I’ve got a few more Sicily-inspired ideas up my sleeve including a take on arancini, various ice cream flavours, and something involving limoncello. I promise I’ll post proper recipes. But for now I’m indulging in the laid-back laziness of post-holiday bliss.

What places have you visited this summer? And what dishes have you been inspired to recreate? Answers on a postcard please.

15 RESPONSES TO Spaghetti alla norma & a dose of Sicilian sunshine

  1. What a lovely description of Sicily! I have married into a Sicilian family and thoroughly enjoyed reading your post. We went to Mallorca but you already know that, given my latest posts.

  2. Lena -

    Oh I love Italian food. I went to France this summer, but the only great food we had was in a small Italian restaurant. I’ll try this soon, I have some sort of an eggplant addiction at the moment…

  3. I haven’t been to Sicily for years and years but I really want to go back – this post has only made me more determined to book a holiday there soon! I love the pasta dish as well; I can see it becoming a staple of my Sicilian eating!

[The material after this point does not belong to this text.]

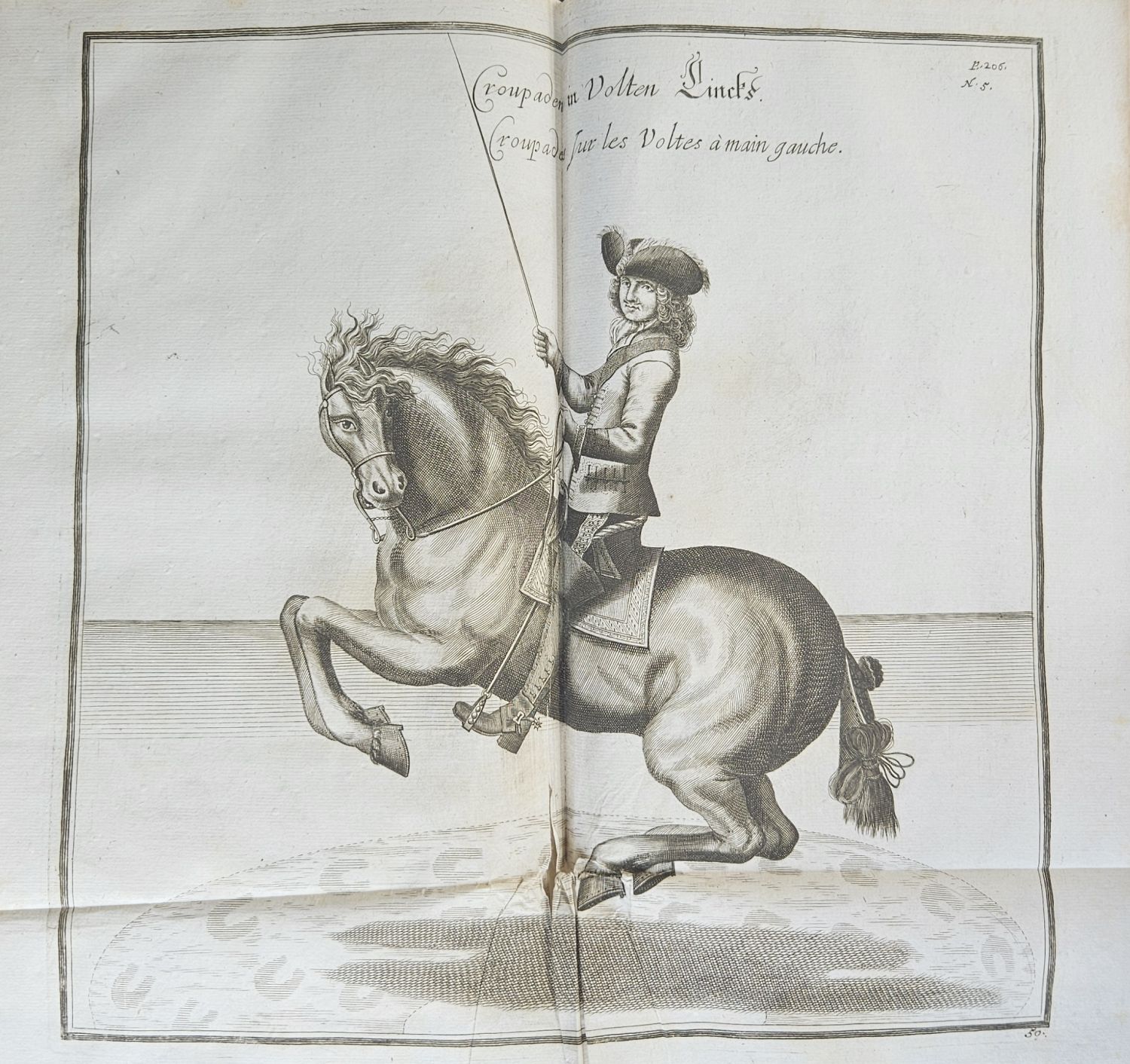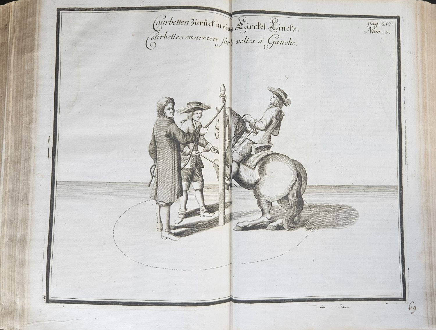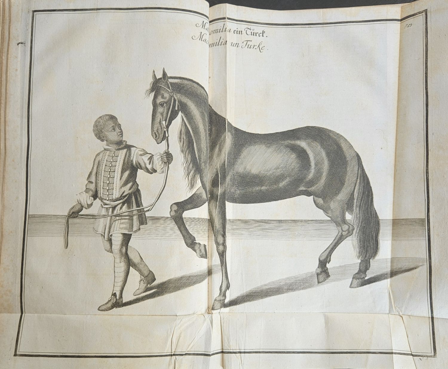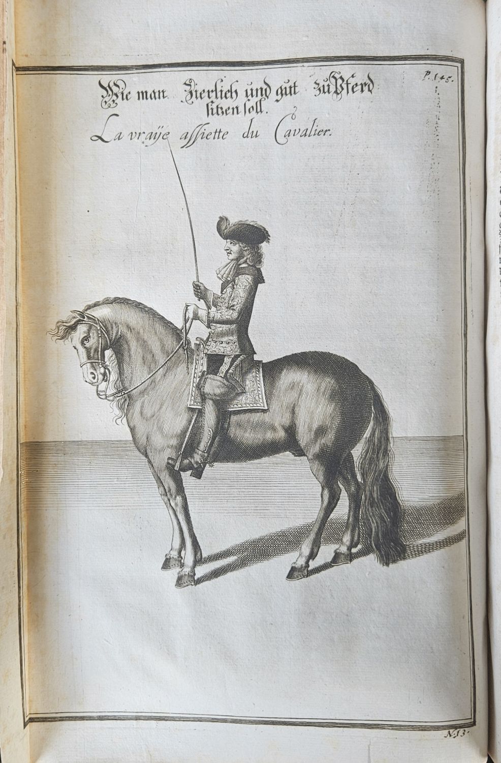 Lipperheide Tc31; Graesse II,93; Nissen ZBI 852.<br>Předtitul, dva titulní listy (prvý německý červeno-černě tištěný), druhý francouzský. Tištěno ve dvou sloupcích (v levém německý text, v pravém francouzský), živá záhlaví od sazby oddělená jednoduchou linkou. Na rubu francouzského tit. listu celostr. mědirytina s vyobrazením erbu hrabat Šliků, v úvodu tištěná dedikace hraběti Františkovi Josefovi Šlikovi. Dřevořezové viněty, pásové vlysy z ornamentů, květin, ilustrací, konturové iniciály zalomené do výše 4-7 řádků, tučně tištěné iniciály ve výši 2 řádků, jednoduché mizící linky. Kniha se skládá ze 4 částí průběžně paginovaných.<br>Dobová pergamenová vazba, na předním přídeští u spodního okraje pap. štítěk z počátku 20. století "Günther Leisten Antiquar Köln". Vazba místy zašpiněná a odřená, naražené rohy, papír místy zahnědlý, tři rytiny při spodním okraji lehce natržené a několik mírně pomačkaných.<br>William Cavendish, 1. vévoda z Newcastlu (1593 - 25.12. 1676) anglický dvořan a podporovatel umění, proslul jako chovatel koní a mecenáš dramatika Bena Johnsona, podporoval též Hobbese, Descarta a Gassendiho. Roku 1648 emigroval do Rotterdamu a poté do Antverp, kde založil slavnou jízdárnu. Roku 1660 se vrátil do Anglie a podařilo se mu získat zpět část svých konfiskovaných statků. Namísto politiky se pak po zbytek života věnoval koním. Roku 1658 publikoval svoji první práci o jezdectví a roku 1667 druhou, námi nabízenou.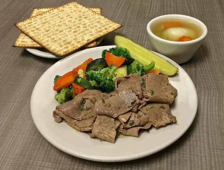 Brisket, vegetables, matzoh ball soup, and more for Passover at Miracle Mile Deli.

  4. I’ve never been to sicily, but would dearly love to go, particularly after reading this blog. Awesome “recipe” too 😀

  5. I spent two weeks in Tuscany this summer (we got married there). I loved it and would really hope we get to go back some time. If you like beaches have you ever been to southern Tuscany, the Maremma?
    I came back with a couple of small Tuscan cook books but have yet to try any of the recipes. I did come home and cook a few aubergine dishes though. I love the look of your recipe.

  6. beautiful!
    pray tell, do you have some good sicilian recipes with lemons? i’ve got a bunch at home and i haven’t decided what to do with them!

    • Nuts About Food – glad it passes the seal of Sicilian approval! I loved it so much there, definitely want to go back soon.

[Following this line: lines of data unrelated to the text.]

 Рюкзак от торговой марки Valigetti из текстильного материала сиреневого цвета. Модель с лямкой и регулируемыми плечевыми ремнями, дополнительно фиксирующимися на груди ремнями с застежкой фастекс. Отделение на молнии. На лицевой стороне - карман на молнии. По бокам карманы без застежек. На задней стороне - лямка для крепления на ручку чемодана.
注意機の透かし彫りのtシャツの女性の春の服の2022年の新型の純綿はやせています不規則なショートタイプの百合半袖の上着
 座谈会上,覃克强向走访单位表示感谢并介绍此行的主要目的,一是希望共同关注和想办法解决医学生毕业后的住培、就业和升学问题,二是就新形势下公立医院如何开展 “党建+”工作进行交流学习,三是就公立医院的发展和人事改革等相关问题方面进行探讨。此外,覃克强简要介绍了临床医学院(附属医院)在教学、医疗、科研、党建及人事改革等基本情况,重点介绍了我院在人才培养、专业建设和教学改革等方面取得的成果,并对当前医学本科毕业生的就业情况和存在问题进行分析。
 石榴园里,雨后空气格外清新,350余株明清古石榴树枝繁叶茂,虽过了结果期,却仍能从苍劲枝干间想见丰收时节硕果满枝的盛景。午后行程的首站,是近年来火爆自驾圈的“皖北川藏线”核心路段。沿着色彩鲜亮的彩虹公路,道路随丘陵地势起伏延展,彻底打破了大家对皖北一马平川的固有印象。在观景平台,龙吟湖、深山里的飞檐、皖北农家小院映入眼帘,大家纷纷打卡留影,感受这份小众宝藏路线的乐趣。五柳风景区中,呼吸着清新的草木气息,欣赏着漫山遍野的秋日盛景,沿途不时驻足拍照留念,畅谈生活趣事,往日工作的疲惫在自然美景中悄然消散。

      Mrs Garlic Head – if you like aubergines you should try making caponata…another Sicilian speciality.

      London Bakes – I can’t wait to go back and explore some more of the island.

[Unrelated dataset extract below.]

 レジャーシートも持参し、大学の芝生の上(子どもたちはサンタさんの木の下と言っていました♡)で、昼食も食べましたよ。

      Frugal Feeding – thanks! I love putting recipes on the blog but that holiday put me in such a lazy mood, and the dish was so simple, it hardly seemed necessary 🙂

      Purely Food – Hard to believe really but I’ve never been to the Tuscan seaside! We have a family tradition of going to Le Marche for a few days of sun, sea and sand every summer so I guess we’ve never managed to squeeze in the Tuscan coast too.

      Poirier – hmmm, I normally use lemons as an extra – salad dressings, squeezed over fish. You could try a lemon sorbet? I used to love getting sorbet stuffed inside a hollowed out lemon when I was little – and it looks so pretty!

  7. Mary -

    Your description of Sicily and its food was really wonderful. This is my first visit to your blog, but having read this and some of your earlier posts, I can tell you that I’ll definitely be back.You’ve created a wonderful spot for your readers to visit and I really enjoyed the time I spent here. I hope you have a wonderful weekend. Blessings…Mary

  8. This is just the kind of food I love eating. Those were some good looking aubergines. Ive got vegetable envy hehe

  9. Ah how I long to go to Italy and eat my way around it! Love your lemon and aubergine pics. Beautiful, or should I say bellissimo!

  10. You’ve just pushed Sicily firmly to the top of my wish list. Last postcard from us; Santorini- the tomato fritters and grilled calimari have totally stolen my heart. Can’t wait to get back into my kitchen and try to make them,

  11. Hello from Italy =) I loved reading your Abou me page! I recognised a lot of what you wrote there: bread is my first love and I love everything baked. I’m still vegetarian, that the only difference I found. Great blog!